Although the vast majority of earthquakes that occur in the world each year have natural causes, some of these earthquakes and a number of lesser magnitude seismic events are related to human activities and are called “induced seismic events” or “induced earthquakes.”
Induced seismic activity has been attributed to a range of human activities including the impoundment of large reservoirs behind dams, controlled explosions related to mining or construction, and underground nuclear tests. Energy technologies that involve injection or withdrawal of fluids from the subsurface can also create induced seismic events that can be measured and felt.
Since the 1920s we have recognized that pumping fluids into or out of the Earth has the potential to cause seismic events that can be felt. Only a very small fraction of injection and extraction activities at hundreds of thousands of energy development sites in the United States have induced seismicity at levels that are noticeable to the public. However, seismic events caused by or likely related to energy development have been measured and felt in Alabama, Arkansas, California, Colorado, Illinois, Louisiana, Mississippi, Nebraska, Nevada, New Mexico, Ohio, Oklahoma, and Texas. Although none of these events resulted in loss of life or significant structural damage, their effects were felt by local residents, some of whom also experienced minor property damage. Particularly in areas where natural seismic activity is uncommon and energy development is ongoing, these induced seismic events, though small in scale, can be disturbing to the public and raise concern about increased seismic activity and its potential consequences.
Anticipating public concern about the potential for induced seismicity related to energy development, the Chairman of this Committee, Senator Bingaman, requested that the Department of Energy conduct a study of this issue through the National Research Council. The Chairman requested that this study examine the scale, scope, and consequences of seismicity induced during the injection of fluids related to energy production. The energy technologies to be considered included geothermal energy development, oil and gas production, including enhanced oil recovery and shale gas, and carbon capture and storage or CCS. The study was also to identify gaps in knowledge and research needed to advance the understanding of induced seismicity; to identify gaps in induced seismic hazard assessment methodologies and the research needed to close those gaps; and to assess options for interim steps toward best practices with regard to energy development and induced seismicity potential. The National Research Council (NRC) released the report Induced Seismicity Potential in Energy Technologies on June 15.

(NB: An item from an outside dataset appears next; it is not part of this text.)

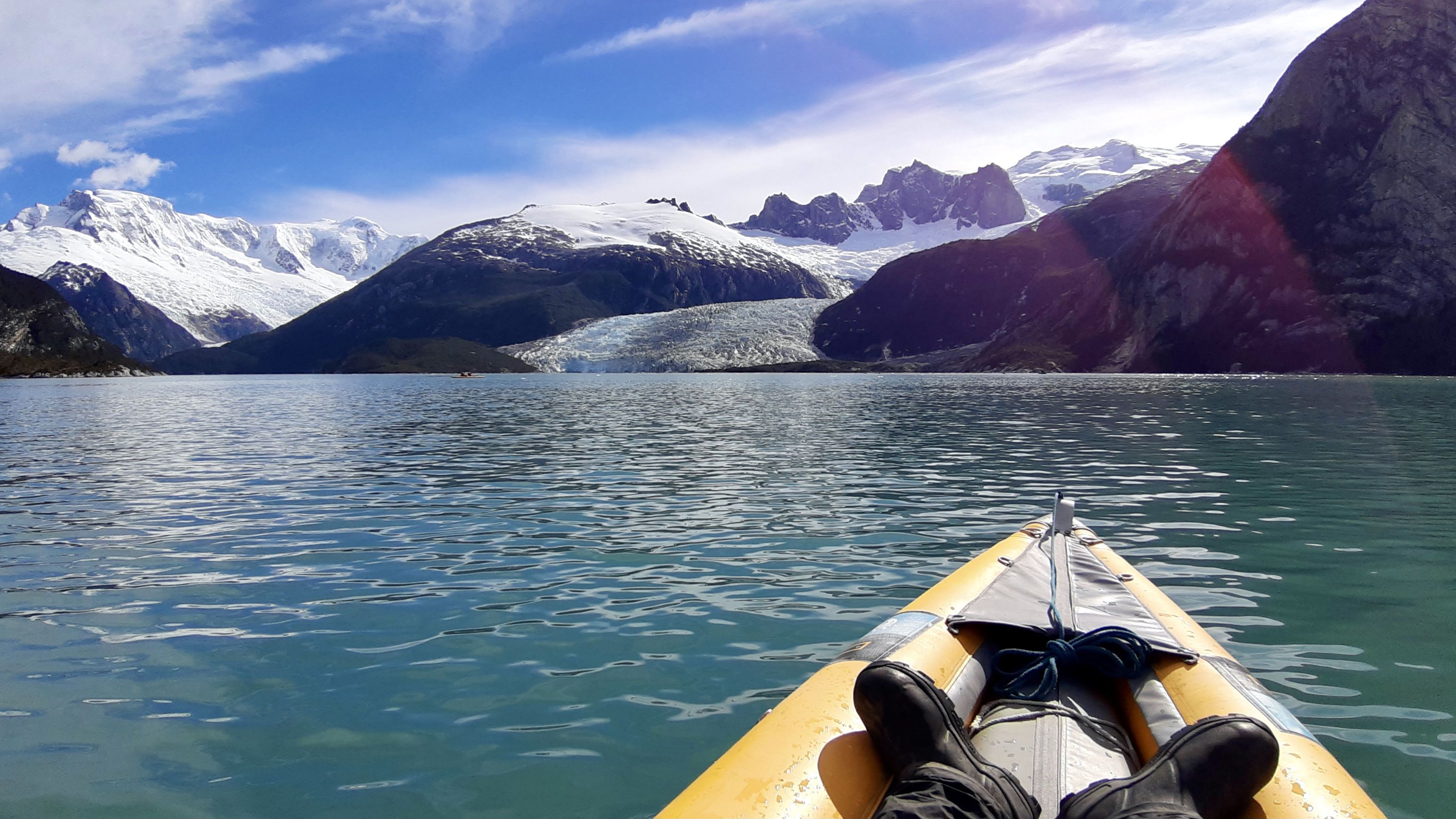 With majestic scenery surrounding us we explored the fjord in kayaks. Clear blue skies, dark green Nothofagus forests, and high waterfalls reflected on the glassy still glacial waters.

The committee that wrote this NRC report consisted of eleven experts in various aspects of seismicity and energy technologies from academia and industry. The committee examined peer-reviewed literature, documents produced by federal and state agencies, online databases and resources, and information requested from and submitted by external sources. We heard from government and industry representatives. We also talked with members of the public familiar with the world’s largest geothermal operation at The Geysers at a public meeting in Berkeley, California. We also spoke to people familiar with shale gas development, enhanced oil recovery, waste water disposal from energy development, and CCS at meetings in Dallas, Texas and Irvine, California. Meetings were also held in Washington, D.C. and Denver, Colorado to explore induced seismicity in theory and in practice.
This study took place during a period in which a number of small, felt seismic events occurred that were likely related to fluid injection for energy development. Because of their recent occurrence, peer-reviewed publications about most of these events were generally not available. However, knowing that these events and information about them would be anticipated in this report, the committee attempted to identify and seek information from as many sources as possible to gain a sense of the common factual points involved in each instance, as well as the remaining, unanswered questions about these cases. Through this process, the committee has engaged scientists and engineers from academia, industry, and government because each has credible information to add to better understanding of induced seismicity.
The committee found that induced seismicity associated with fluid injection or withdrawal associated with energy development is caused in most cases by change in pore fluid pressure and/or change in stress in the subsurface in the presence of faults with specific properties and orientations and a critical state of stress in the rocks. The factor that appears to have the most direct consequence in regard to induced seismicity is the net fluid balance or put more simply, the total balance of fluid introduced into or removed from the subsurface. Additional factors may also influence the way fluids affect the subsurface. The committee concluded that while the general mechanisms that create induced seismic events are well understood, we are currently unable to accurately predict the magnitude or occurrence of such events due to the lack of comprehensive data on complex natural rock systems and the lack of validated predictive models.
The committee found that the largest induced seismic events associated with energy projects reported in the technical literature are associated with projects that did not balance the large volumes of fluids injected into, or extracted from, the Earth. We emphasize that this is a statistical observation. It suggests, however, that the net volume of fluid that is injected and/or extracted may serve as a proxy for changes in subsurface stress conditions and pore pressure. The committee recognizes that coupled thermo-mechanical and chemo-mechanical effects may also play a role in changing subsurface stress conditions.
I will briefly discuss the potential for induced seismicity with each of the energy technologies that the committee considered, beginning with geothermal energy.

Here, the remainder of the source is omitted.